Records shown =
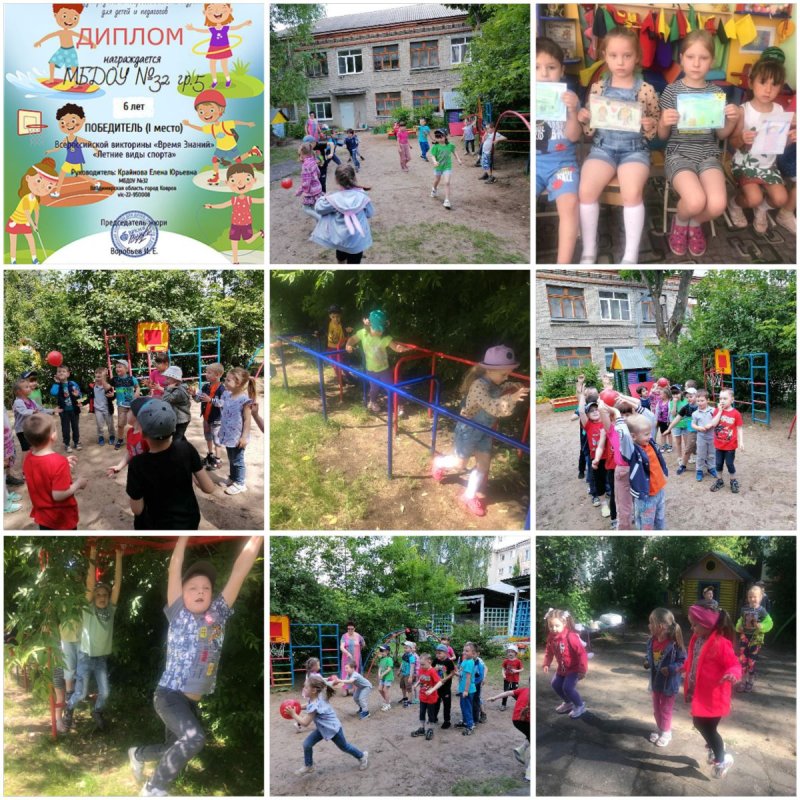Сегодня в нашем детском саду прошел День спорта. Были организованы зарядки на свежем воздухе, спортивные игры, эстафеты, ИКТ-викторины, рассматривание и обсуждение тематических альбомов, рисование, чтение художественных произведений, загадок и др. Воспитанники всех групп проявили свои лучшие способности – кто-то был быстрее в беге, кто-то более ловким в беге, кто-то более метким в игре «вышибала», кто-то точнее в прыжках, сильнее на «полосе препятствий». Дети получили массу позитивных эмоций и ощущений, расширили кругозор, узнали, что здоровый образ жизни включает в себя не только правильное питание, но и занятия спортом. Таким образом, День спорта в детском саду не только позволил ребятам провести время с пользой, но и развить спортивные навыки, расширить кругозор и повысить мотивацию к здоровому образу жизни. Сердечно поздравляем наших старших дошкольников и воспитателя Крайнову Е.Ю, занявших 1 место во Всероссийской викторине "Летние виды спорта" сайта Всероссийских СМИ «Время знаний».
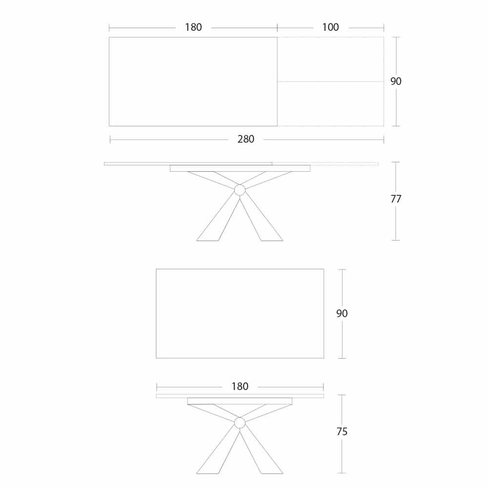 - Ancho 180-280 x Profundidad 90 x Altura 77 cm
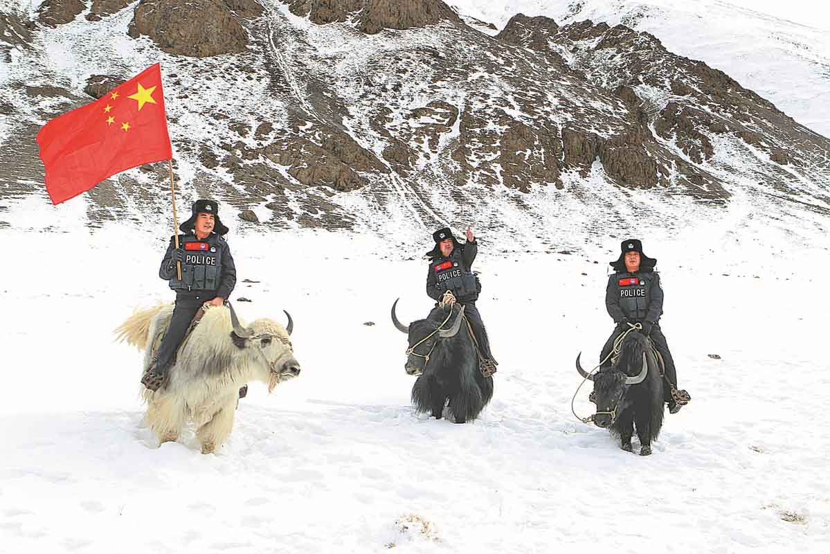 Officers from the Aranbaotai guard post at the immigration police station in Teznap, a township in Kashgar prefecture, Xinjiang Uygur autonomous region, ride yaks as they patrol the China-Tajikistan border in December. CHINA DAILY
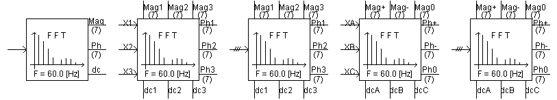 +/-/0 seq: This takes a 3-phase input XA, XB, XC and calculates the FFT preliminary output through a sequencer, which outputs positive (+), negative (-), and zero-sequence magnitude and phase components of the fundamental, and each harmonic. The DC components of each phase are also output.
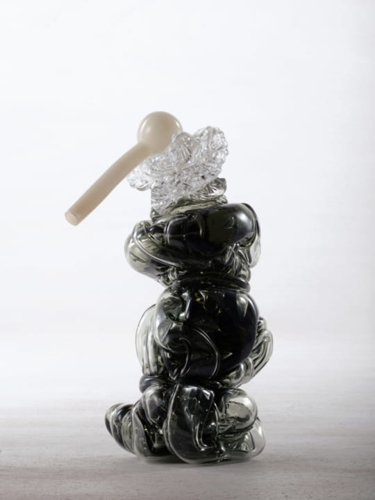 特に、溶けたガラスを扱うホットワークによる作品は、制作のなかで感じるガラスの粘性や動きを生かして作られる。柔らかなフォルムや滑らかな表面は、溶けたガラスの重みや遠心力といった、素材に加わる原理的な力をコントロールしながら、無駄のない動作によって形作られている。
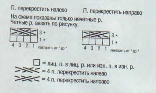 8 п. перекрестить налево: оставить 3 п. на вспом. спице перед работой, оставить след. 2 п. на вторую спицу за работой, след. 3 п. провязать лиц., затем провязать 2 п. со 2 вспом. спицы изн. и 3 п. с 1-й вспом. спицы лиц. п. 8 п. перекрестить направо: оставить 3 п. на вспом. спице за работой, оставить след. 2 п. на вторую спицу за работой, след. 3 п. провязать лиц., затем провязать 2 п. со 2 вспом. спицы изн. и 3 п. с 1-й вспом. спицы лиц. п.

Task instructions = The material above is to be set down exactly, with pictures removed.

Answer area =
Сегодня в нашем детском саду прошел День спорта. Были организованы зарядки на свежем воздухе, спортивные игры, эстафеты, ИКТ-викторины, рассматривание и обсуждение тематических альбомов, рисование, чтение художественных произведений, загадок и др. Воспитанники всех групп проявили свои лучшие способности – кто-то был быстрее в беге, кто-то более ловким в беге, кто-то более метким в игре «вышибала», кто-то точнее в прыжках, сильнее на «полосе препятствий». Дети получили массу позитивных эмоций и ощущений, расширили кругозор, узнали, что здоровый образ жизни включает в себя не только правильное питание, но и занятия спортом. Таким образом, День спорта в детском саду не только позволил ребятам провести время с пользой, но и развить спортивные навыки, расширить кругозор и повысить мотивацию к здоровому образу жизни. Сердечно поздравляем наших старших дошкольников и воспитателя Крайнову Е.Ю, занявших 1 место во Всероссийской викторине "Летние виды спорта" сайта Всероссийских СМИ «Время знаний».
 - Ancho 180-280 x Profundidad 90 x Altura 77 cm
 Officers from the Aranbaotai guard post at the immigration police station in Teznap, a township in Kashgar prefecture, Xinjiang Uygur autonomous region, ride yaks as they patrol the China-Tajikistan border in December. CHINA DAILY
 +/-/0 seq: This takes a 3-phase input XA, XB, XC and calculates the FFT preliminary output through a sequencer, which outputs positive (+), negative (-), and zero-sequence magnitude and phase components of the fundamental, and each harmonic. The DC components of each phase are also output.
 特に、溶けたガラスを扱うホットワークによる作品は、制作のなかで感じるガラスの粘性や動きを生かして作られる。柔らかなフォルムや滑らかな表面は、溶けたガラスの重みや遠心力といった、素材に加わる原理的な力をコントロールしながら、無駄のない動作によって形作られている。
 8 п. перекрестить налево: оставить 3 п. на вспом. спице перед работой, оставить след. 2 п. на вторую спицу за работой, след. 3 п. провязать лиц., затем провязать 2 п. со 2 вспом. спицы изн. и 3 п. с 1-й вспом. спицы лиц. п. 8 п. перекрестить направо: оставить 3 п. на вспом. спице за работой, оставить след. 2 п. на вторую спицу за работой, след. 3 п. провязать лиц., затем провязать 2 п. со 2 вспом. спицы изн. и 3 п. с 1-й вспом. спицы лиц. п.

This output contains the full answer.